Running project-specific CI/CD pipelines for a monorepo in AWS

Nathan Derave
datamindedbe
Published in
7 min readMar 19, 2022

Enabling Continuous Integration and Continuous Deployment (CI/CD) for your team is a critical task that heavily impacts velocity while delivering as well as code overall quality and operational capabilities.

Continuous integration and continuous deployment have been more formally defined by Martin Fowler in dedicated articles (CI and CD) as follow:

Continuous Integration (CI) is a software development practice where members of a team integrate their work frequently, usually each person integrates at least daily — leading to multiple integrations per day. Each integration is verified by an automated build (including test) to detect integration errors as quickly as possible.

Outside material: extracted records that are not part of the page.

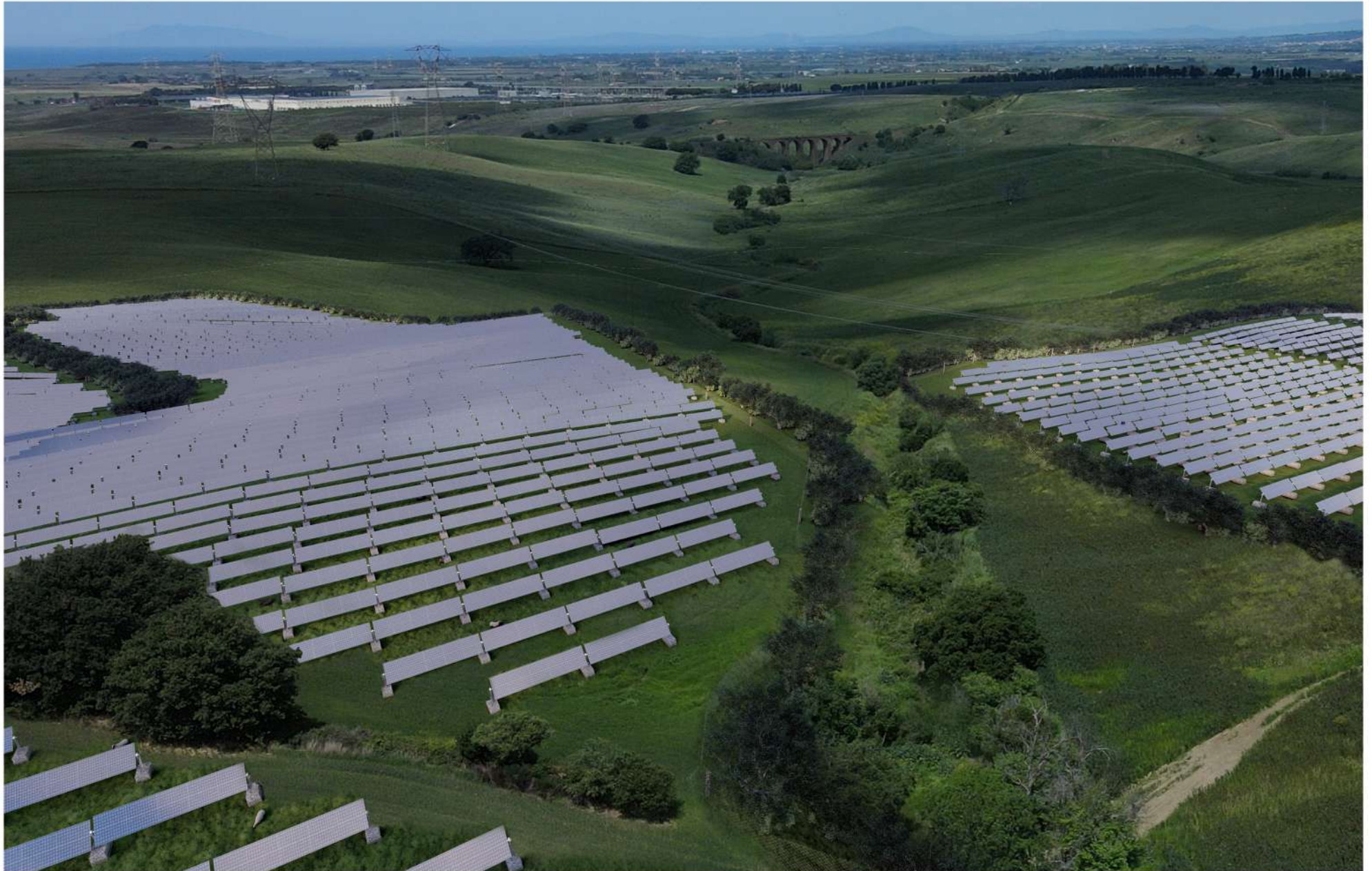
Foto 4_Vista drone
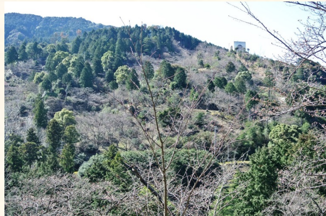
◆くすの木から花木園を望む
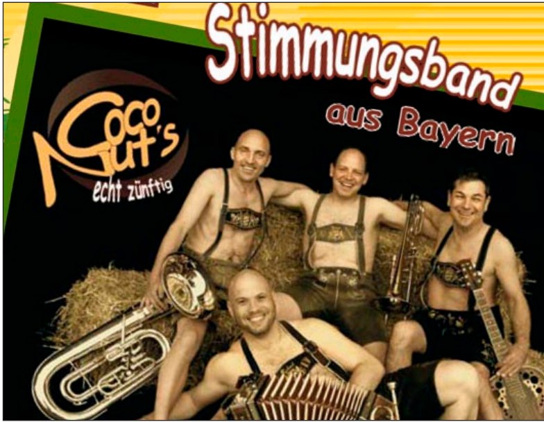
COCO NUT'S - Stimmungsband aus Bayern.
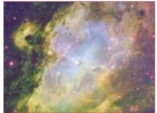
Eagle (Kartal) nebulasının görünümü.

Değişik uzay resimleriyle dolu sitede, fotoğraflar hakkında ayrıntılı bilgiler ve açıklamalar da yer alıyor. Ayrıca, resimler açıldığında, resmin üzerine tıklayarak daha büyük bir halini bilgisayarınıza indirebiliyorsunuz. Ancak, ne yazık ki açıklamalar İngilizce olduğu için, bu konuda İngilizce bilen birinin yardımı gerekebilir.
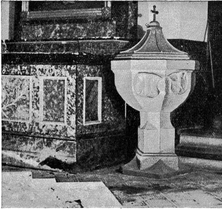
Abb. 2. Taufstein der Kirche in Oberdornach. Mit den Wappen der Familien von Efringen und Salzmänn. Um 1470.

Kirche von Dornach begraben wurde. Der schöne, auf Kosten Bernoullis vom Steinmetzen Jacob Umbher aus Dornach geschaffene Grabstein wurde 1826 kopiert und ist in dieser Form an Ort und Stelle noch erhalten (Abbildung 1). Er erinnert an einen der grössten Naturforscher seiner Zeit, der durch eine Expedition nach Lappland die Abplattung der Erde bewiesen hatte und dadurch Weltberühmtheit erlangte. Ein im Besitze der Familie Bernoulli noch erhaltenes Porträt zeigt den Franzosen denn auch in lappländischem Kostüm.
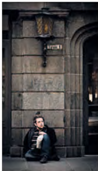
REFLEKSJON: Et fortau og en vegg å lene seg mot gir mulighet til refleksjon over de store spørsmål.
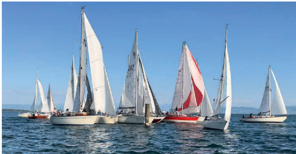
39 Boote waren bei der Langstrecke im Rahmen der Mittwochsregatten am 14. Juni am Start. An der ersten Bahnmarke, dem 39er Pfahl, wurde es da schon mal eng.

Auch die vorausgehenden Wettfahrten im Rahmen der Mittwochsregatten in Friedrichshafen waren vom Wetter verwöhnt. „Wind und Sonne – was will man mehr?“, fragte Michael Lange grinsend. „Teilweise wurden von vielen Teilnehmern die fünf Runden geknackt, einmal waren es sogar sechs Runden“, resümiert er nach einem Drittel der Termine 2023. Seit zehn Jahren gehört Lange zum Orga-Team der Mittwochsregatten, „aber das hatten wir noch nie“!
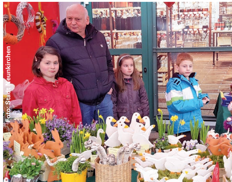
Buntes Angebot beim Neunkircher Frühling
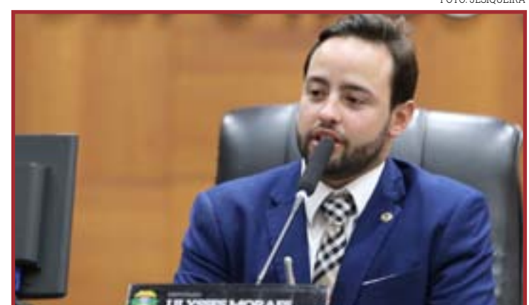
Em requerimento, cobra providências do governo em relação esse ajuste
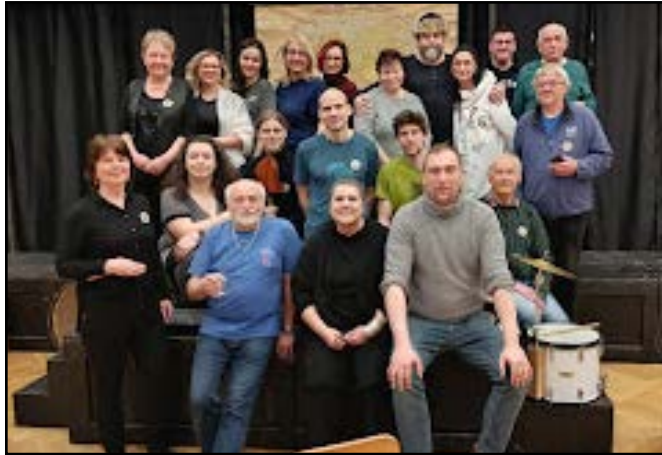
Divadlo Václav Václavov
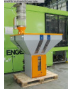
Granulateinfärbegerät MOTAN GRAVICOLOUR 1000 Nr. 2256 Baujahr 2007 Durchsatzleistu 1000 kg/h
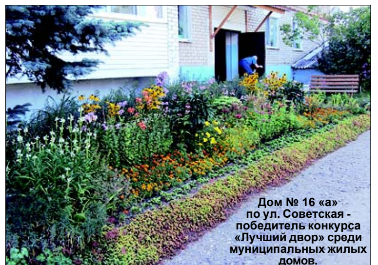
Дом № 16 «а» по ул. Советская - победитель конкурса «Лучший двор» среди муниципальных жилых домов.

Руководствуясь постановлением администрации городского поселения «Город Спас-Деменск» от 13.06.2012 года №70 «О проведении конкурса» и на основании протокола заседания комиссии по подве-
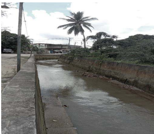
Gambar 1. Sungai Segmen Tanah Datar

Kondisi sekitar sungai pada setiap segmen memiliki karakteristik yang berbeda. Pada segmen Tanah Datar bagian kanan dan kiri sungai sudah mengalami seminisasi. Bagian bantaran sungai segmen Tanah Datar tidak dijumpai adanya rumah ataupun pemukiman warga di atasnya. Sekitar titik segmen tidak ditemukan adanya industri.
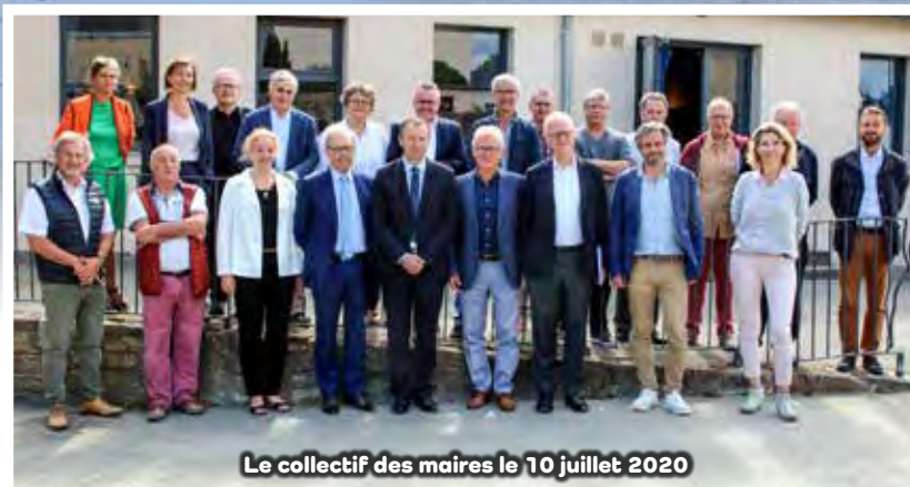
Le collectif des maires le 10 juillet 2020
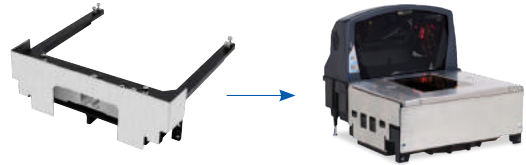
▶ Scale kit for Magellan8400
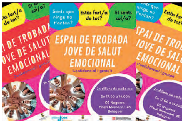
Cartell de les trobades

vi i el cava a la publicitat: de les bombolles a Martin Scorsese" a càrrec de Pablo Sancho. El 8, un recital de poesia fusionat amb rumba "Rumbesia a la natura". El proper dia 15 a 2/4 de 8 del vespre, tindrà lloc l'espectacle "I va venir el vi" amb Jordina Biosca.
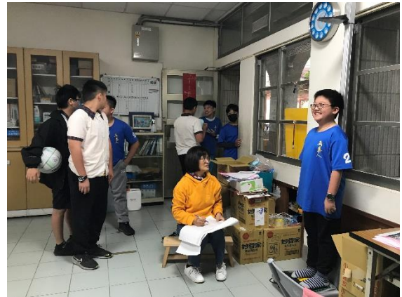
每周提供 BMI 过重学生追踪体重
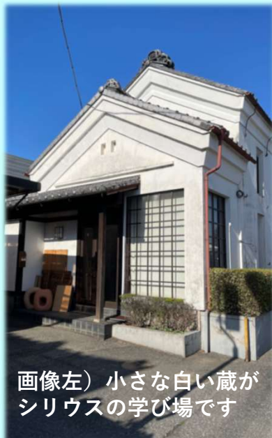
画像左) 小さな白い蔵がシリウスの学び場です
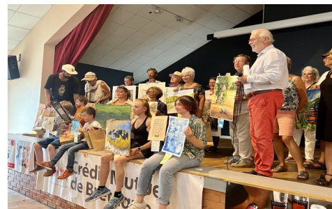
Couleurs de Bretagne 15/08/2022
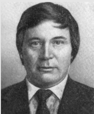
ЕРШОВ Юрий Леонидович Член-корреспондент АН СССР (1970). Академик (1991)

Родился 1 мая 1940 г. Математик, специалист в области алгебры и математической логики. Основные труды по теории алгоритмов, теории моделей и теории чисел.
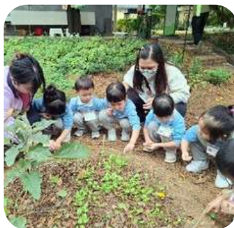
低班參觀 綠匯學院
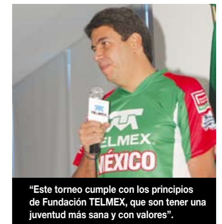
“Este torneo cumple con los principios de Fundación TELMEX, que son tener una juventud más sana y con valores”.

400 jóvenes que han jugado en el Torneo. Ellos habían sacrificado su tiempo y su dinero, por lo que buscaron una Empresa Socialmente Responsable que además creyera en las bondades del deporte y se acercaron a Fundación TELMEX para ver si podíamos entrar y hacerlo del doble de su tamaño.
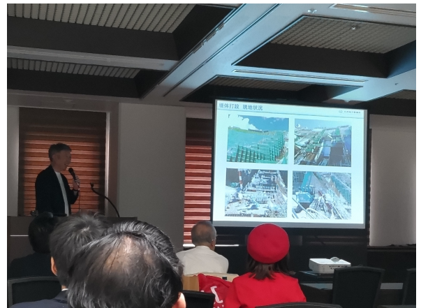
甲斐さまによる講演状況
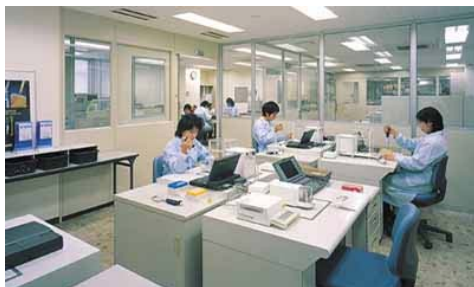
株式会社エー・アンド・デイ
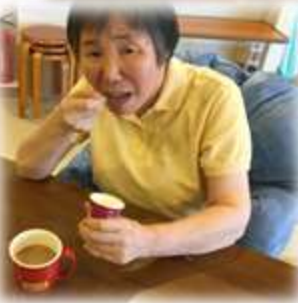
夏はアイスですね～ 美味しい！！
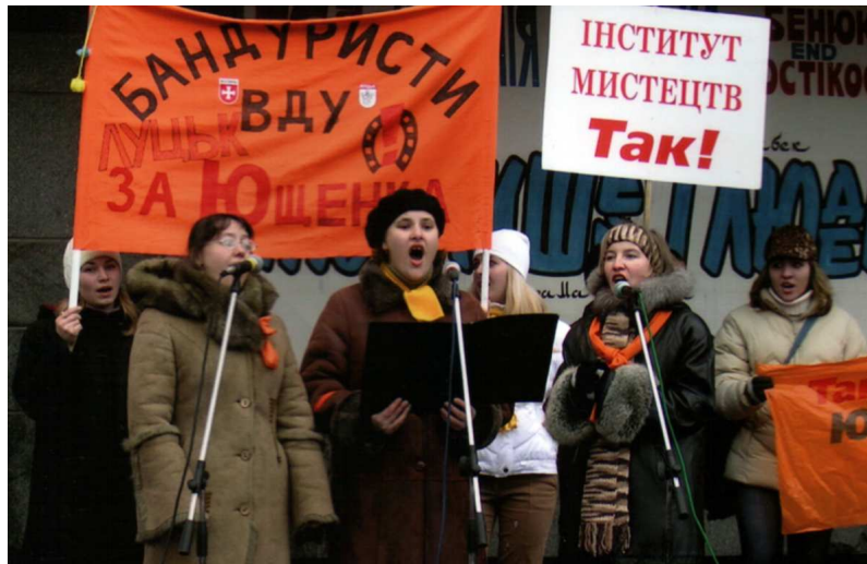
Ансамбль бандуристів “Дивоструни” з концертним виступом на Театральному майдані під час Помаранчевої революції (Луцьк, 2 грудня 2004 р.)
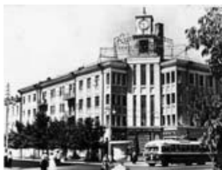
Жилой дом. Реконструкция 1950-х г.г.
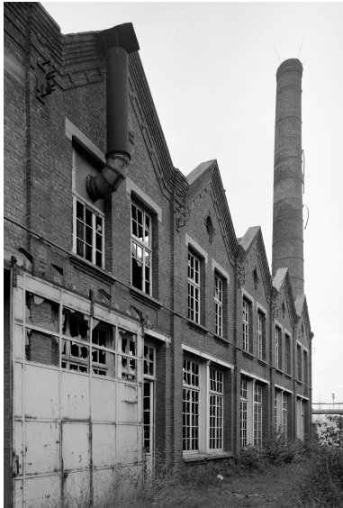
Tissage, élévation est.
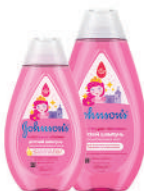
300, 500 мл Детский шампунь для волос «Блестящие локоны»
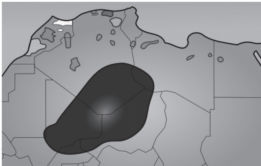
Mapa 1 Obszar zamieszkały przez Tuaregów, na którym używany jest język tuareski
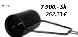
valec 7 900,- Sk 262,23 €
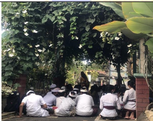
(Kegiatan Persembahyangan )
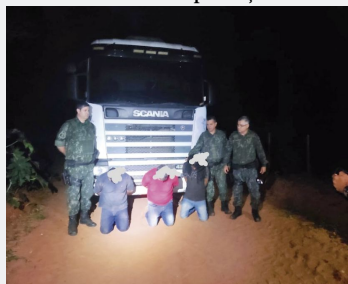
Trio foi preso em uma estrada rural
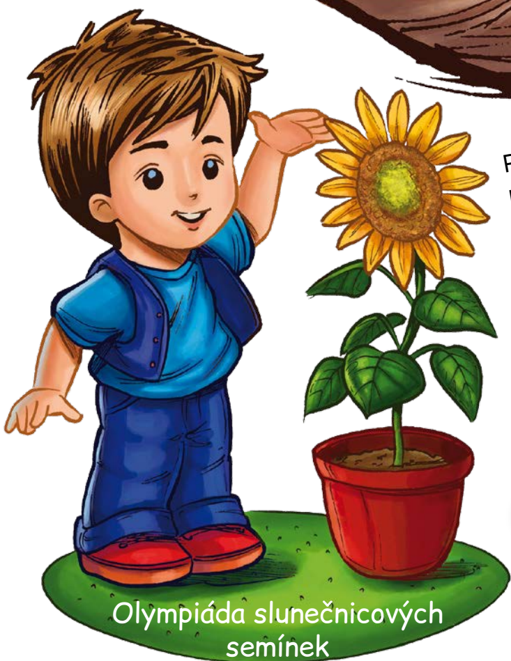
Olympiáda slunečnicových semínek

Prohlédni si tato semínka. Tolik různých tvarů a barev! Semínko máku je tak maličké, že je sotva vidět. Najdeš ho? Porovnej kuličku hrášku s kokosovým ořechem.
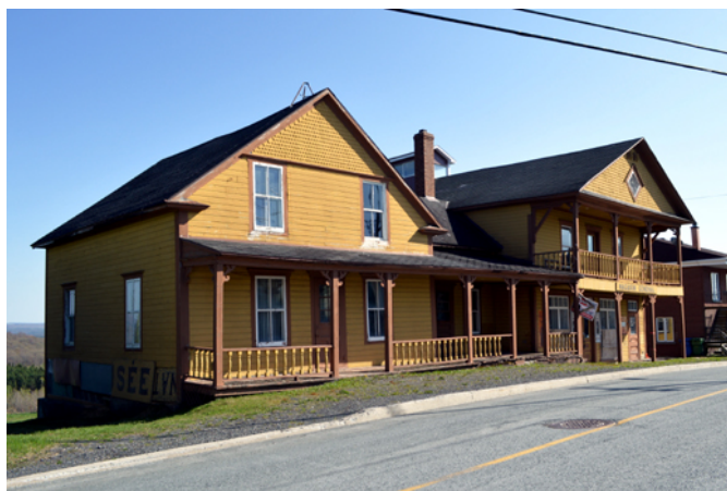
Magasin général, sis au 600-602, rue Principale

L'architecture du magasin général est typique du courant vernaculaire américain. Il se trouve aujourd'hui dans une forme remarquable grâce à la conservation de composantes anciennes qui rappellent sa fonction d'origine comme les vitrines commerciales et les hautes portes à panneaux surmontées d'impostes à carreaux. En outre, il est encore recouvert d'un revêtement en bois et peu de modification ont été apportées qui aurait pu brouiller sa volumétrie et sa composition d'origine.
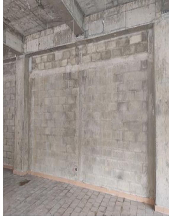
BAÑO NIÑAS PRIMER PISO

Continuous Delivery (CD) is a software development discipline where you build software in such a way that the software can be released to production at any time.

A well-implemented CI/CD capability will ultimately allow your team to release changes to your software product multiple times a day. This article will illustrate how a CI/CD pipeline can be implemented on AWS using CodeBuild and CodePipeline in the specific case of a monorepo.

CI/CD enables your team to deliver software like cars from automated factories (credits Lenny Kuhne)

🤨 What’s a monorepo and why does it make CI/CD implementation harder?

As explained on Wikipedia, in version control systems, a monorepo (“mono” meaning “single” and “repo” is the abbreviation for “repository”) is a software development strategy where code for many projects is stored in the same repository. Instead of storing each project (or component of your stack) in a dedicated Git repository, some teams may prefer to store them all in a single repository where each project will be a subfolder of the monorepo.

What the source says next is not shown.